On July 21, NABU investigator Ruslan Mahamedrasulov was imprisoned, “on clearly falsified evidence”, says Shabunin. Mahamedrasulov was leading an investigation into Timur Mindich, a well-known entrepreneur and long-time friend of President Zelensky. At the time of his arrest, the SBU conducted 80 searches of NABU’s offices, accusing the independent body of being infiltrated by Russia. Mahamedrasulov was then pre-emptively jailed on charges of illegal trade, accused of being an intermediary for the sale of batches of industrial hemp to the Republic of Dagestan (Russia), on behalf of the father, who runs a legal cannabis business. According to AntAC and Shabunin, however, the evidence is fabricated, and the father’s trade was not with a client from Dagestan, but from Uzbekistan, with no ties to Russia. The Prosecutor General’s office, however, has repeatedly postponed the analysis of the call that was registered by the SBU and used as evidence.

In the meantime, the detective and his father are still in jail. “This is the red line of a democracy: throwing a detective and his father in jail on a clearly falsified case, and Zelensky decided to cross it. That’s the clear difference between the previous president — who hates me — and this one — who hates me too: it’s a tradition apparently”. Shabunin’s joke is grounded in his personal experience of state intimidation over the years: from public aggressions to smear campaigns on social media, and even an arson attack on his home in 2020. Last summer he was accused by the State Bureau of Investigation of military draft evasion, with many national and international human rights organisations denouncing the prosecution as politically motivated.
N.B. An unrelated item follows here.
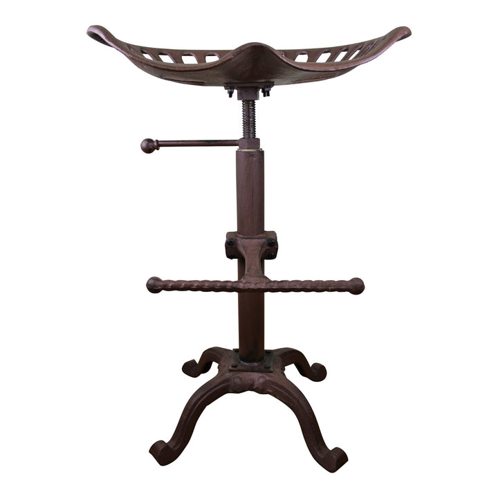 Metal Tractor Seat Kitchen Bar Stool. Replica vintage style Iron Tractor seat in dark brown rustic country kitchen style. Perfect industrial bar or kitchen bar seating With swivel seat which has adjustable height Ideal for any room- Suitable for bars, home, restaurants and much more!! Picking up on a rustic industrial theme, this is a Tractor Seat Bar Stool which is an iron replica of a seat from a tractor. It has a swivel seat and the height can be adjusted to suit. Maximum stool height 79cm. Minimum stool height 58cm. Seat size, width 47cm, depth 37cm. Floor footprint, width 33.5cm, depth 33.5cm. Comes partially assembled, minimal assembly required Measurements: 39 x 79 x 47cm

The Prosecutor’s office had then temporarily suspended the investigation right after the mass protests that followed the attack on NABU and SAPO, however the State-controlled media had already tried to tarnish his reputation. Eventually, he was intentionally deployed in Kharkiv Oblast, some 30 kilometres from the frontline, where he is now kept under observation by the security services: “I’m used to this, I’ve been living in a tough environment even before the war”.

Before we leave, he reminds us of AntAC’s mission: “It is our duty to protect the independent bodies we have created. Ukraine is a young democracy, so first, we must rid ourselves of the

Russians, and then build strong institutions to safeguard the rule of law”. This is perhaps the most striking aspect of the story. Despite the difficulties in which he operates, Shabunin does not cease to affirm what is the common sentiment of the people: the Russian invaders must leave. None of the democratic ideals cherished by millions of people can be realised if the war continues and Ukraine does not have the strength to remain sovereign and independent. The corruption it suffers from, after all, is the legacy of seventy years of the Soviet Union. It is this heritage that Ukrainians wish to emancipate themselves from.

Thanks to AntAC and popular protests, independent institutions endure, but if the European Union truly cares about Ukraine’s democratic future, it should keep a close watch on its rule of law, and on how many more “red lines” are to be crossed.